Sears Roebuck was couched hard against the railroad station. I entered with low expectations, looked around, and found it to be a great place to buy tools and boat equipment but their jacket selection was out to lunch,- a reminder that my stomach was ready for something, anything, to digest-. 

         Next stop was Adam’s Clothes so continuing up Edgmont Avenue I stopped suddenly at the Quaker Graveyard where I couldn't believe my eyes, in fact I rubbed them in disbelief as I watched grave-diggers lift Chester’s earliest settlers out of grave sites. Wasn't a grave a hallowed place not to be tampered with? I watched in disbelief as a casket, maybe 300years old, was placed beside a heap of earth. I grabbed the wrought iron, cemented atop a three foot stone fence, hoisting my body to a better position to watch this sacrilege. Caskets lay everywhere, all sizes. These were bones of William Penn’s buddies; some were Quaker shipmates who came with him on the Welcome. They planned the layout of streets, built the Courthouse on Market Street, served as Judges on Pennsylvania’s first Supreme Court. Now their bones lay bleaching in the sun where stray dogs could lift a leg on their dishonored remains. Desecration!  I shouted “a foul was committed today, a blight on the History of Chester!” Lifting my eyes toward heaven I whispered “someday this City will suffer for this decision.

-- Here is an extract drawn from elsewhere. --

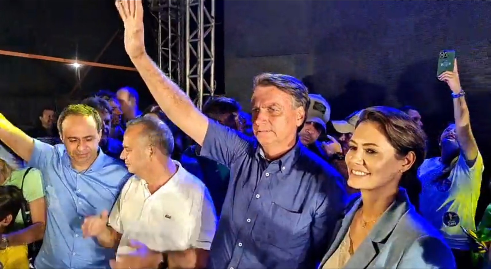 Bolsonaro e Michelle durante o evento em Natal — Foto: Reprodução

     As I dropped from my perch on the fence, I overheard a passerby tell a friend “the City decided to move the graveyard to make room for a new department store.” Walking toward 7th street, Pops oft’ repeated biblical quote raced through my thoughts “Teach us Lord, to number our days and apply our hearts unto wisdom.” This, I thought, was not a wise decision.

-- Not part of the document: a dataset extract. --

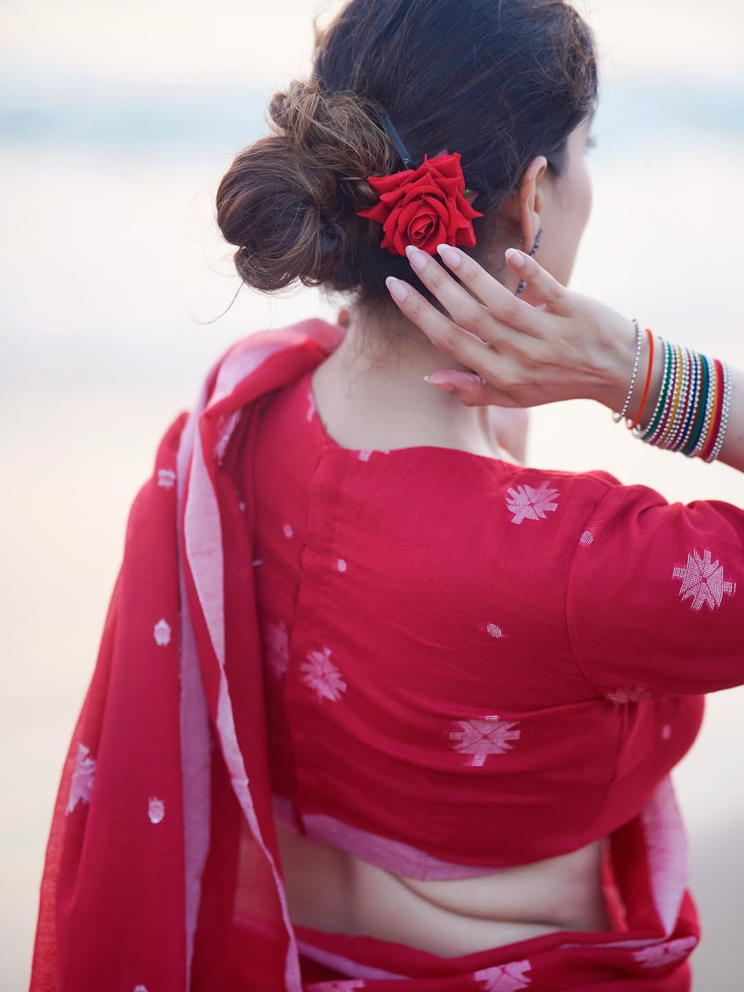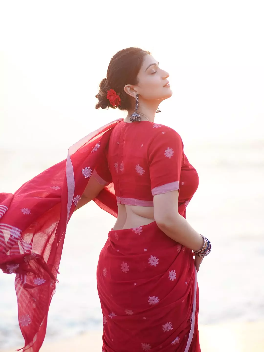 Aditi captioned "Some unedited clicks.". The vibrant orange saree she’s wearing with its minimal design is shows her best fashion choices that effortlessly blend traditional and contemporary styles.

       Entering Adams Clothing, I walked through the store convinced I’d know what I liked when I saw it. I found nothing on the racks to excite my interest.

      My focus fizzled when I saw all those scattered bones.

       My last planned stop was Montgomery Wards, a block away. It was a perfect day the sun slanted rays through low clouds, a crisp breeze swirled pockets of leaves on the fenced lawn of Saint Michael’s Church Rectory. I stopped to look at the jewelry and watches in Doubet’s display window, I said Hello to Mr. Gayley as he stood rearranging his curbside rake display in front of his store.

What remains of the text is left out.